In the novel The Brothers Karamazov, the Russian novelist Feodor Dostoyevsky tells the story of a guardian angel who wept before God because the woman in his charge had been so wicked in life that she was stuck in hell. When God asked if she had ever done anything good, the angel said she had once given an onion to a beggar.
God relented and sent the angel to find the onion for to use it to pull her out of hell. When the angel found it, he held the onion out to the woman, telling her to hold on for dear life. As she was on her way being lifted out of hell, other people stuck there grabbed her legs to hitch a ride. Then the wicked woman shouted, “It’s my onion!”, and kicked them away. With that, the onion broke and she and her companions fell into oblivion.
For the second consecutive Sunday our Gospel text features Jesus’ instructions on how to live in such a way as to be ready for the judgment that awaits us when we die.

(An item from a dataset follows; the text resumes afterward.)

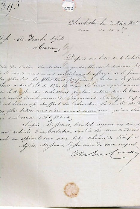 4 feuillets. (25x20 Cm). Broche. Lettre manuscrite de Monsieur Le Caron, négoce international a Charleston et Monsieur Foache, un des "Messieurs du Havre". A cette lettre est attaché une liste de prix courant date le 9 Septembre 1825 et une liste d'exportation de Charleston pendant le mois d'octobre 1825. Dans cette lettre, Le Caron fait part de la diminution du prix du coton et exprime ses craintes quant à une éventuelle augmentation des prix lorsque les Anglais réintégreront le marché. Un témoignage historique précieux sur les fluctuations économiques et les enjeux du commerce international à l'époque. Il exprime egalement ses regrets de ne pas encore pourvoir exporter de longuesoies car l'industrie a trop souffert des chenilles.

Jesus teaches that we are not to be like that selfish woman or the greedy man in last Sunday’s Gospel who planned bigger barns for a bumper harvest rather than share it with the poor. Jesus asks us, instead, not to be mean or greedy (like the woman with the onion): we are to share what we can with those who are in need. Living this way, he says (Luke 12:32-48) we will store up ‘treasure in heaven’ where – unlike our material possessions or money – it will not wear out.
And although it’s not mentioned in today’s reading, a favourite theme in St Luke’s Gospel is that when we die the poor we have helped in life will be at the gates of heaven to lift us up there.
So today we pray for the grace to give more, if we can, than an onion to the needy, and to respond as generously as we are able to the needs of others.